I am a new user of Knime and still learning so I thank you in advance for your patience.

I understand this topic has been discussed before here: Different database connections not supported

I am brining this up again as I still don’t understand how to join using streaming. Would it be possible to provide step by step example or a workflow to help me. Here is what I think needs to happen:

1-Install streaming node (not clear on how but I will do my due diligence here)
2-Set it up with the connector (I think I understand how to do this)
3-Pass the results from the streaming node to join for both sources (I think I understand how to do this)
4-Save the resulting table (which will still be pretty large, not sure if it needs to be saved on disk or I can view the results using DB Reader)
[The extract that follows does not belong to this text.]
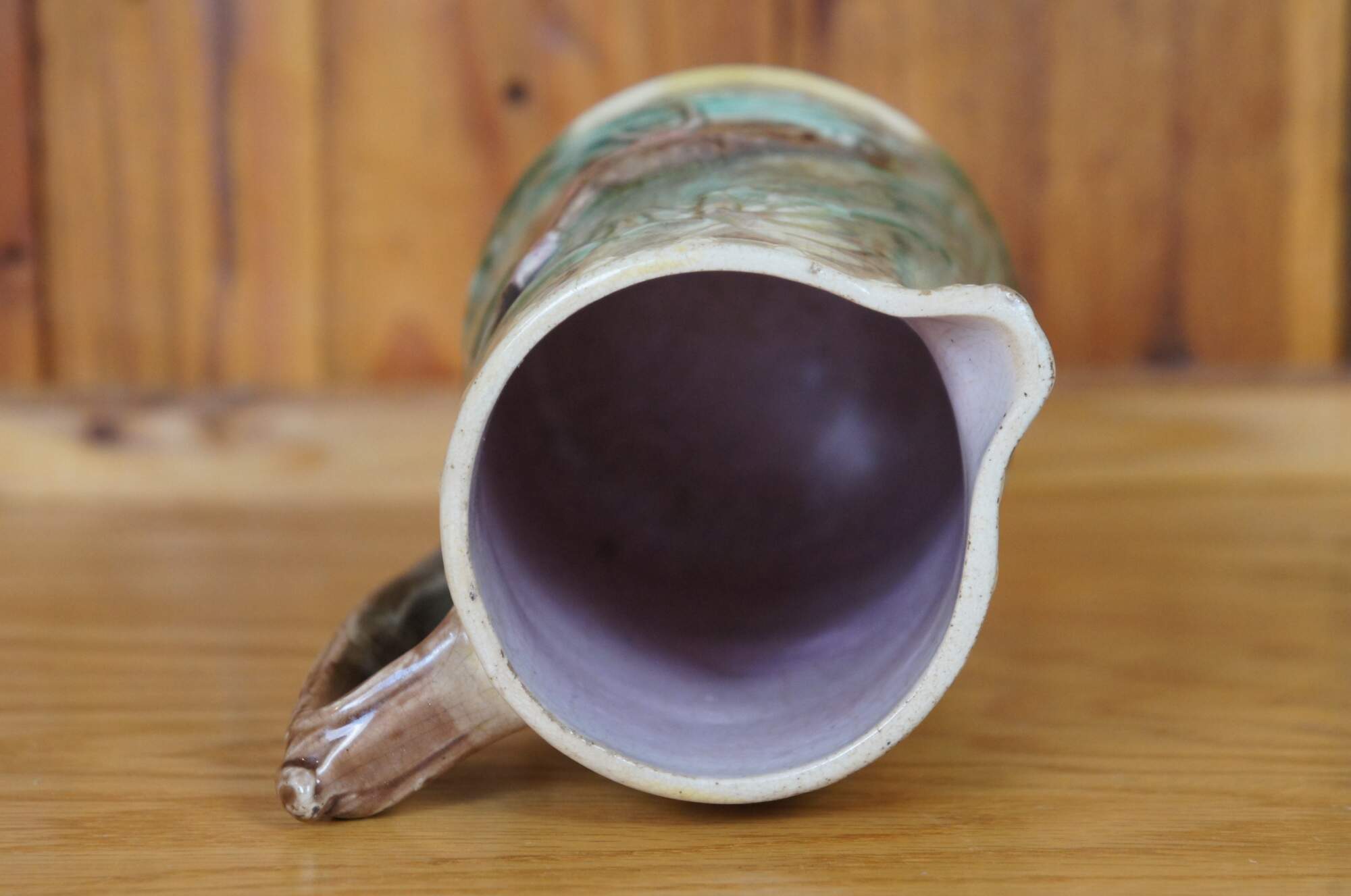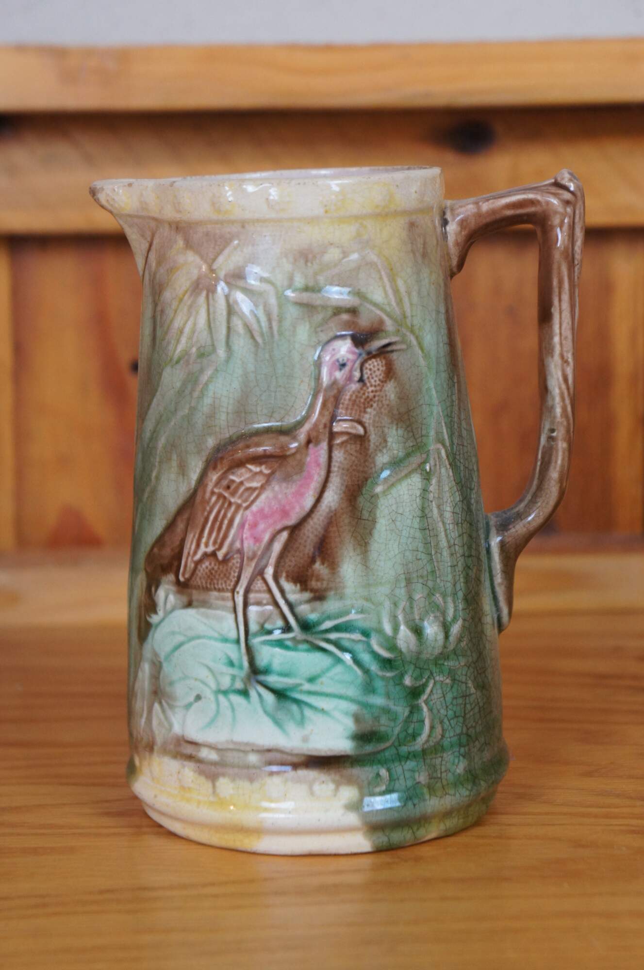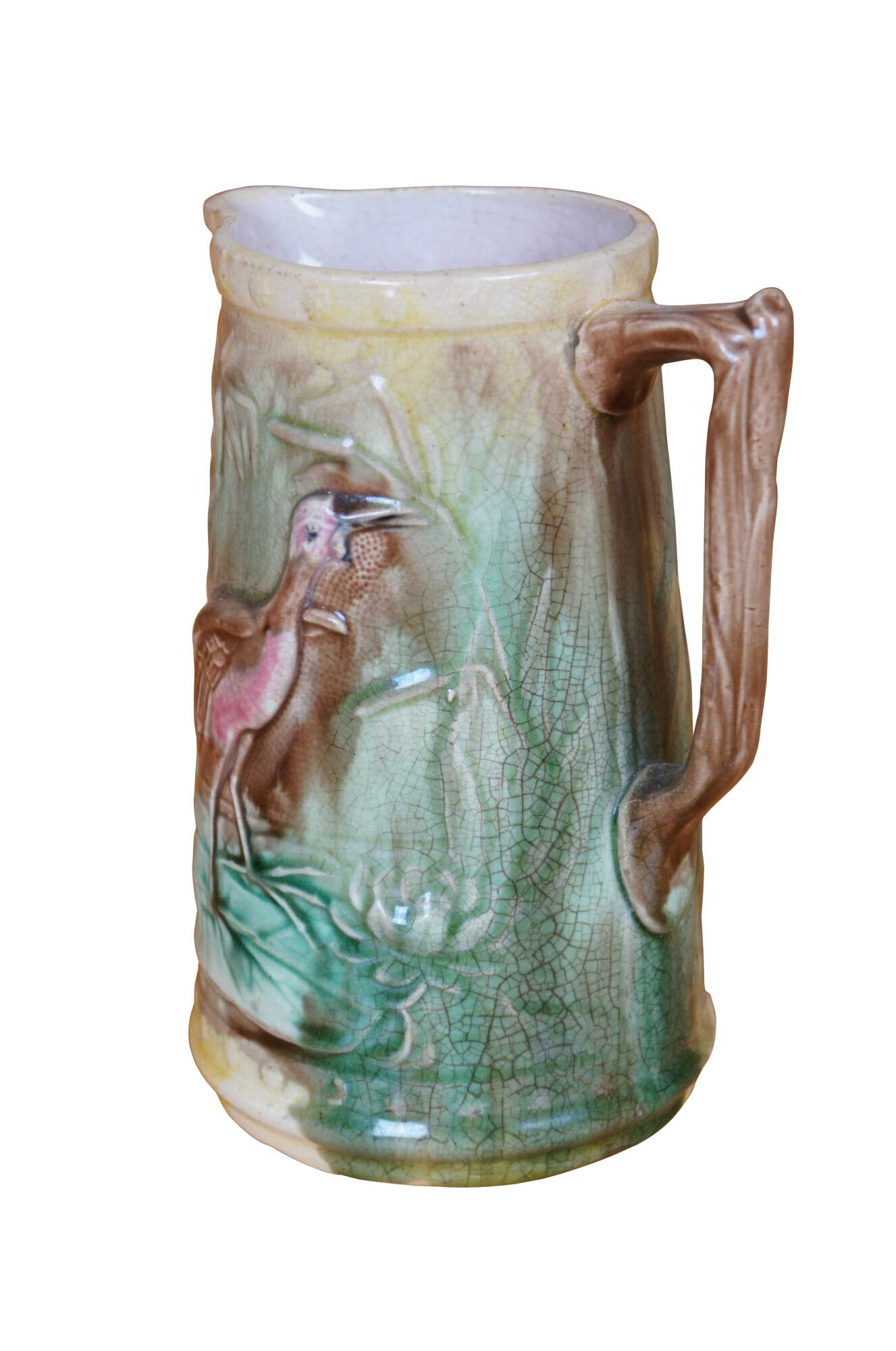 Antique Majolica Heron / Crane / Stork creamer pitcher/jug featuring the bird eating a fish on a water lily pad.

The two tables are on the same database. The join is based on key which exists in both table. What I would like to do is simple, connect the two tables so I can append information from one to the other.

The data sets are pretty large in both tables. One has about 5M rows and the other one has about 7M rows.

Some additional context: I will need to perform few additional joins based on the results from the first join to pick all the information required for an analysis.

Thanks,
Bilal

@bilallodhi welcome to the KNIME forum.

Question is what does that mean. If you can access them both by the same DB connector you might just use the DB Joiner – KNIME Community Hub node which in effect will create a SQL view. You can combine several DB (database) nodes so that the operation will be done on the database.

I do not think that a join using streaming is possible since the machine would not know which other possible values would be there. But that might depend on your actual data and what kind of databases we are talking about. Performance might also be influenced by things like indices (if they are being used).

In general it most often does make sense to do the larger database tasks on the DB. With big data operations my experience is that sometimes it can make sense to use temporary tables and do more complex operations in steps - while other databases (think Oracle) might have the option to optimise (nested) queries by themselves.

I think you might have to provide us with some more informations and maybe also talk to someone in or organisation who would know about performance tweaking in your database system.

If 5 or 7 million lines are large very much depends on the nature of the data :slight_smile: just considering the number of lines a strong machine might be able to do that with a KNIME installation :slight_smile: - depending on the complexity of the join.

Another thing to think about might be to do it in chunks and store the intermediate results (on a local machine Parquet would be a format that would be able to easily append intermediate results - also on a big data system). That again very much depends on the scenario.

4 Likes

This is what I am doing. You can see I used DB joiner and warning that I get is “Different database connection is not supported”

Both these table are on the same database. They hold different information and joined on a key. When I try to join it gives me the message above.

So I believe its not an issue of performance but an issue of Knime which I am not using correctly to join the tables.

Hi @bilallodhi -

Do you see the same behavior if you connect the same PostgreSQL Connector to each of the DB Table Selector nodes?

2022-12-06 15_27_09-KNIME Analytics Platform

This would be best practice anyway, so that you don’t open more connections than needed to the database.

3 Likes

This solves the problem. I did not realize that you could connect multiple table selector to the same connector. Thank you for answering my question!

2 Likes

Excellent! Glad it was an easy fix :slight_smile:

1 Like

This topic was automatically closed 7 days after the last reply. New replies are no longer allowed.